Directions for this task: Give again, exactly as written, the lines of the records below from the line with "Elephant Hamsa Printed" to the line with "A classic living". Both end lines count; pictures do not.

Material provided:
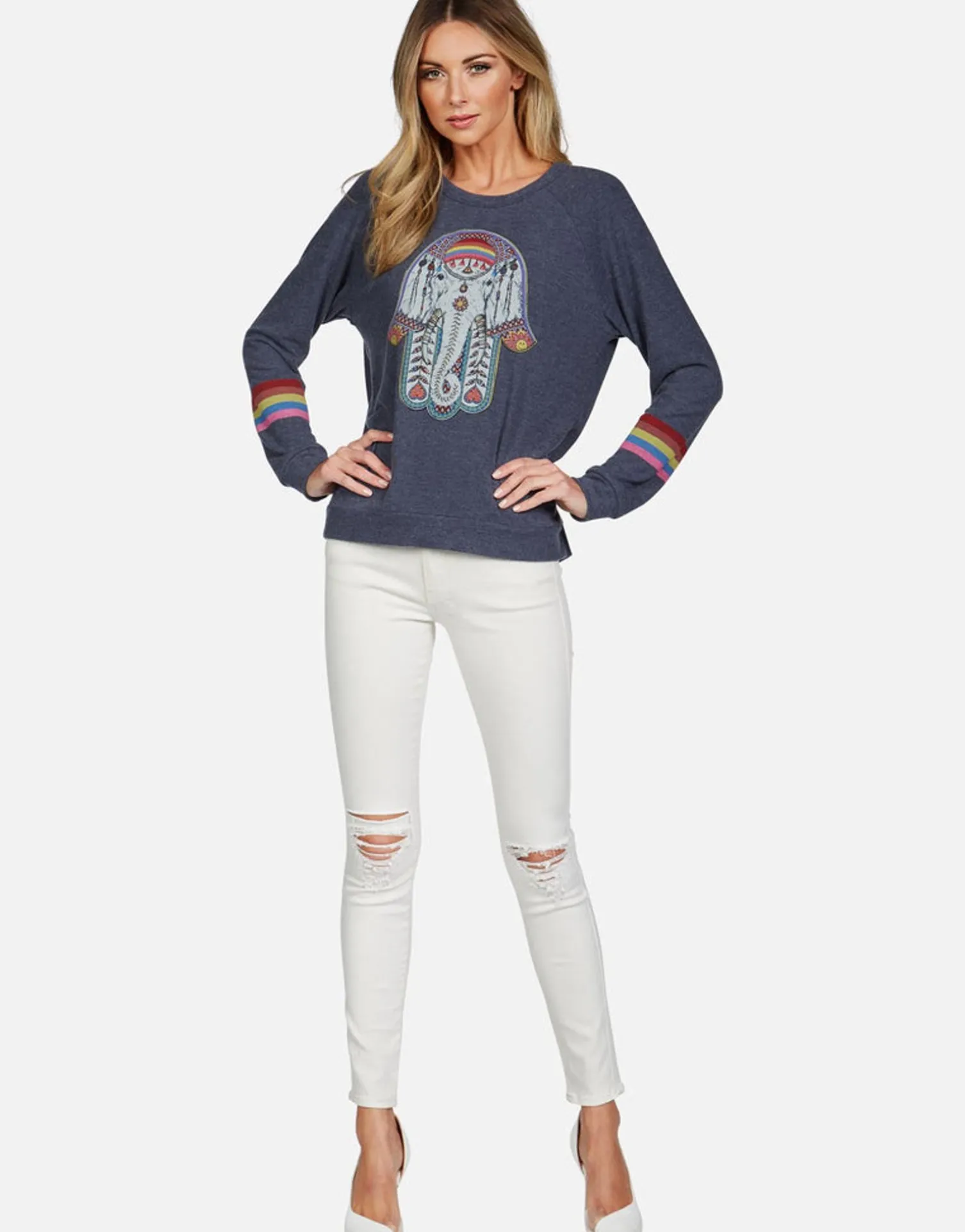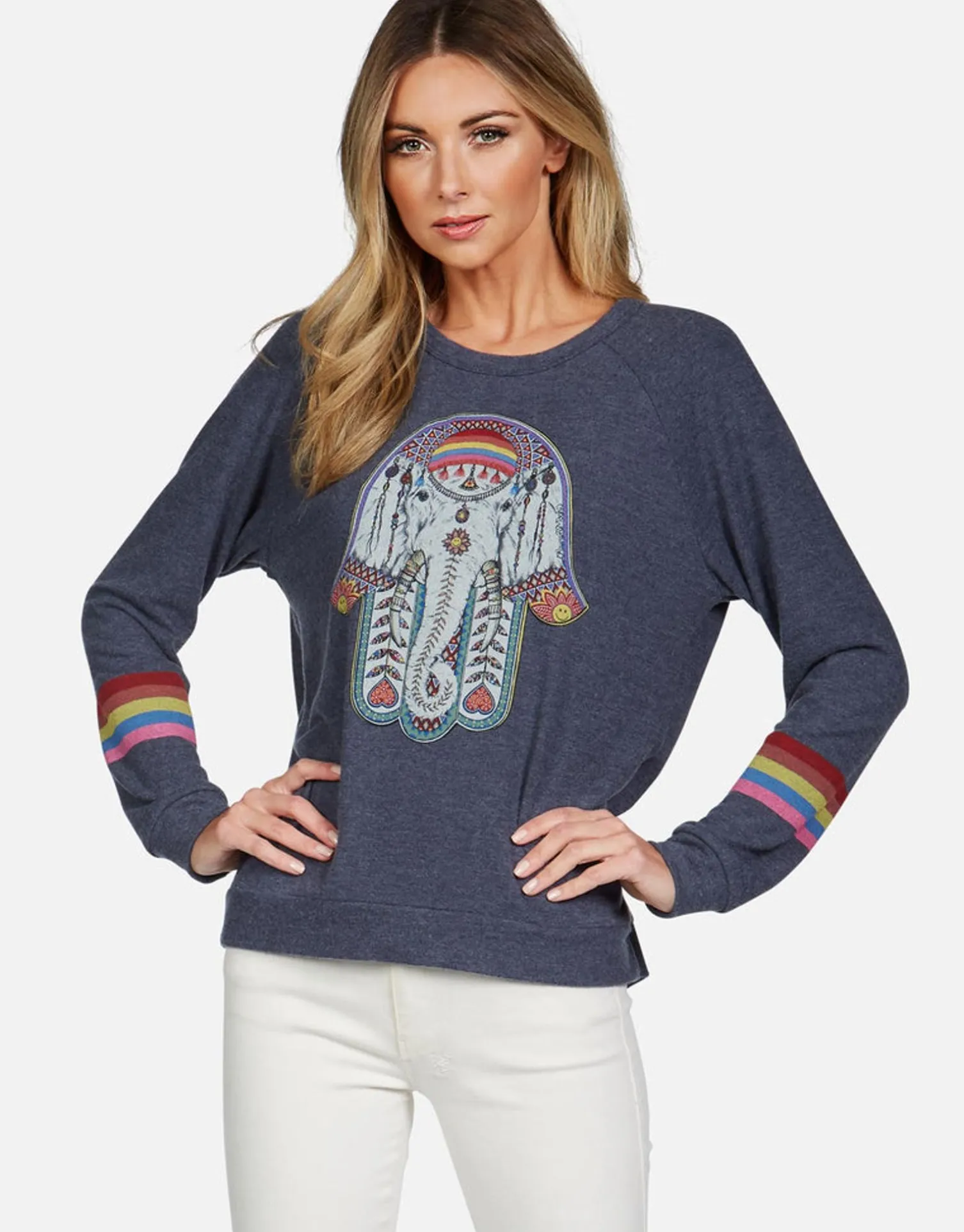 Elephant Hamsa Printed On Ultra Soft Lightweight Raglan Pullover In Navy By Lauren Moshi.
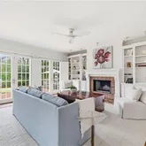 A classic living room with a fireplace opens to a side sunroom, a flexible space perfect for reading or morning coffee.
--
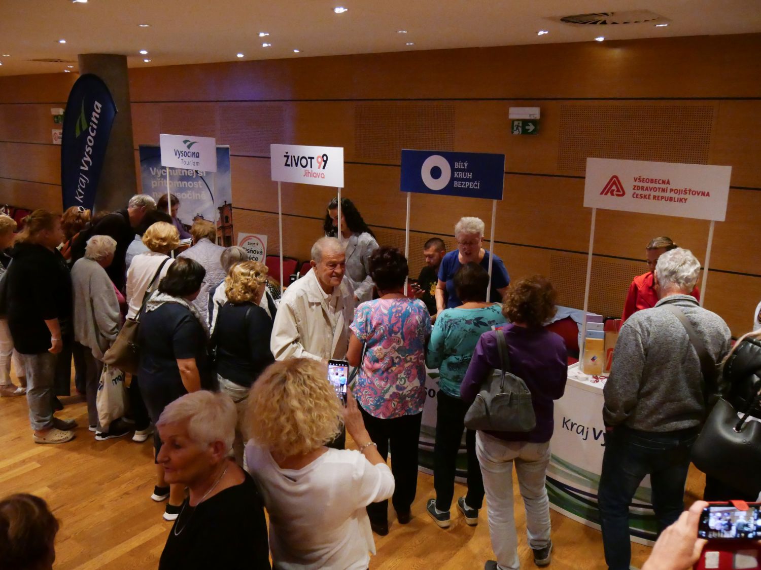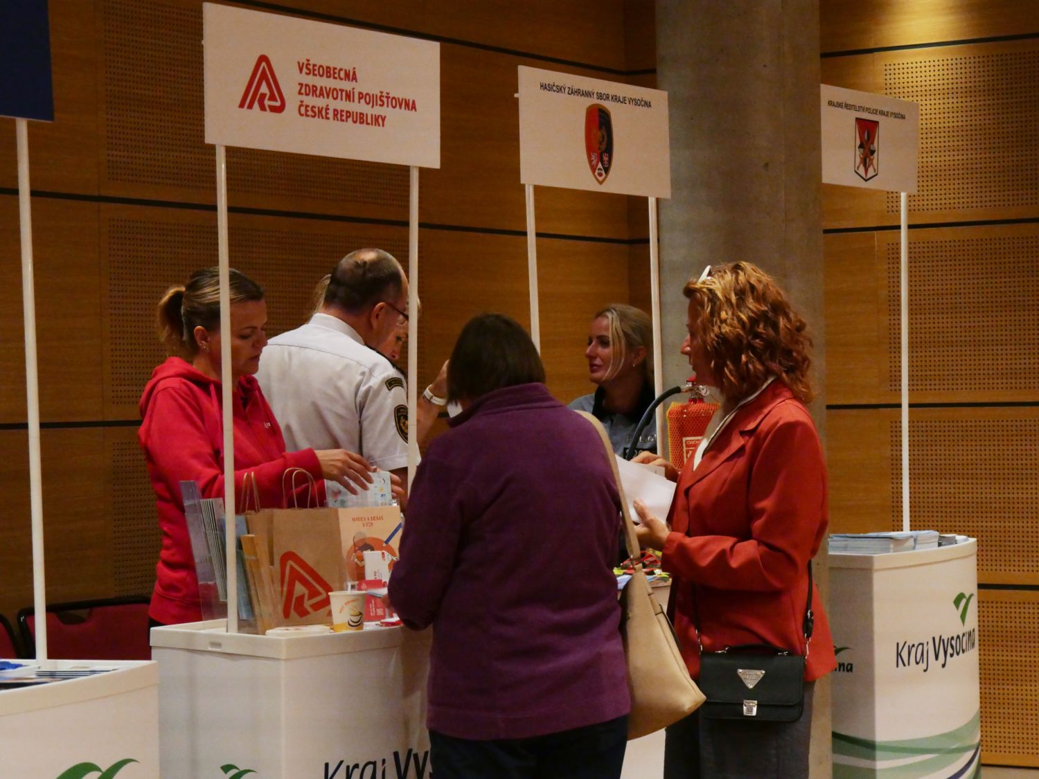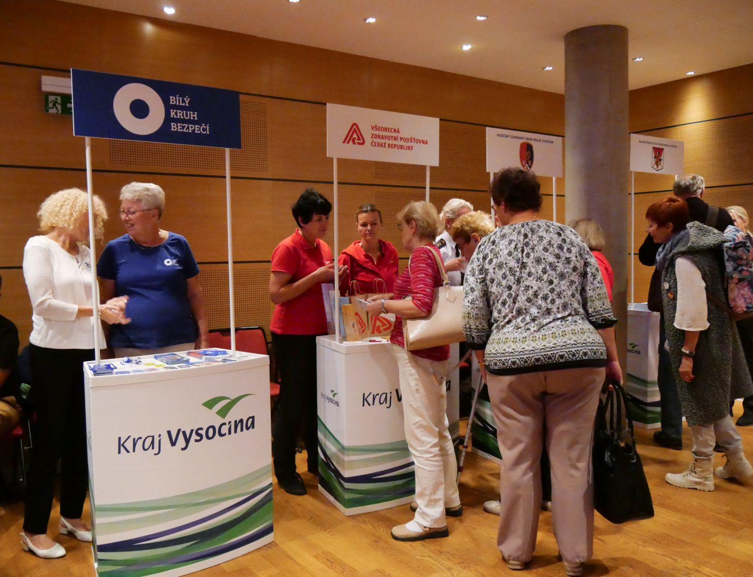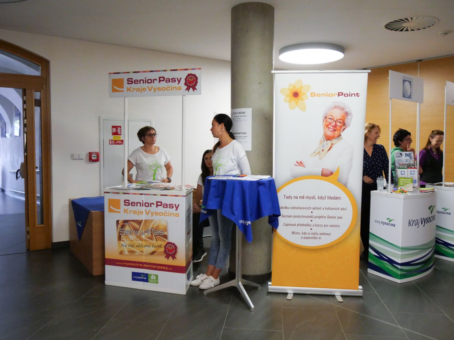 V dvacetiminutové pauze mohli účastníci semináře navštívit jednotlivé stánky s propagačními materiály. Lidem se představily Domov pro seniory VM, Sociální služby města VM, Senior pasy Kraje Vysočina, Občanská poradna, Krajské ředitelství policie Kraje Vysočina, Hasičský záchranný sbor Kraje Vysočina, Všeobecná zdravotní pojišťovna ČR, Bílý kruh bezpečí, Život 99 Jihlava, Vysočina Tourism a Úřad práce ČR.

Result for this task:
 Elephant Hamsa Printed On Ultra Soft Lightweight Raglan Pullover In Navy By Lauren Moshi.
 A classic living room with a fireplace opens to a side sunroom, a flexible space perfect for reading or morning coffee.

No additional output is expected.